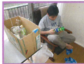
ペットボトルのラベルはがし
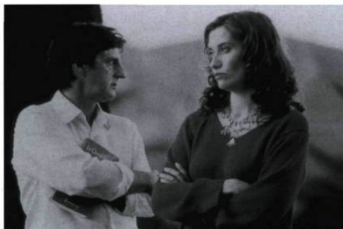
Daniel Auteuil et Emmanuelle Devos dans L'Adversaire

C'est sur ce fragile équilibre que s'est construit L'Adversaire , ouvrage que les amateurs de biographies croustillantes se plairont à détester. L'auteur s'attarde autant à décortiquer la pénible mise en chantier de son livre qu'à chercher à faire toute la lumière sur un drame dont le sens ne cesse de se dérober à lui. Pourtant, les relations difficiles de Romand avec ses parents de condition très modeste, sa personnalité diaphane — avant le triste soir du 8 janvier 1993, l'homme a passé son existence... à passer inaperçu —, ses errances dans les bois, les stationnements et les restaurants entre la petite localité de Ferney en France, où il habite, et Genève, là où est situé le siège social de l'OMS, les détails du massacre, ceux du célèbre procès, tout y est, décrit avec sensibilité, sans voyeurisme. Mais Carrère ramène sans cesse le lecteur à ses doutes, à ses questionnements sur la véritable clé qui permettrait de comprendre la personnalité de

□ □ □ □ □ □ □

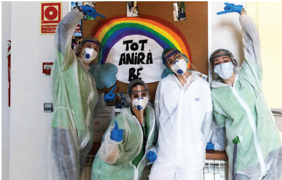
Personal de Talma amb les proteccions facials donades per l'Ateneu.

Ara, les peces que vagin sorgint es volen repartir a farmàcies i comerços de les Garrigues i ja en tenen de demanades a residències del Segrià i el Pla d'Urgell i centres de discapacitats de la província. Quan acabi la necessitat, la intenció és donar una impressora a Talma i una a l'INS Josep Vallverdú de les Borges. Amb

□ □ □ □ □ □ □

**Problem:** Everything above from the line with "ペットボトルのラベルはがし" through the line with "C'est sur ce" should be retyped exactly, and nothing else; omit pictures.

**Final answer:**
ペットボトルのラベルはがし
Daniel Auteuil et Emmanuelle Devos dans L'Adversaire

C'est sur ce fragile équilibre que s'est construit L'Adversaire , ouvrage que les amateurs de biographies croustillantes se plairont à détester. L'auteur s'attarde autant à décortiquer la pénible mise en chantier de son livre qu'à chercher à faire toute la lumière sur un drame dont le sens ne cesse de se dérober à lui. Pourtant, les relations difficiles de Romand avec ses parents de condition très modeste, sa personnalité diaphane — avant le triste soir du 8 janvier 1993, l'homme a passé son existence... à passer inaperçu —, ses errances dans les bois, les stationnements et les restaurants entre la petite localité de Ferney en France, où il habite, et Genève, là où est situé le siège social de l'OMS, les détails du massacre, ceux du célèbre procès, tout y est, décrit avec sensibilité, sans voyeurisme. Mais Carrère ramène sans cesse le lecteur à ses doutes, à ses questionnements sur la véritable clé qui permettrait de comprendre la personnalité de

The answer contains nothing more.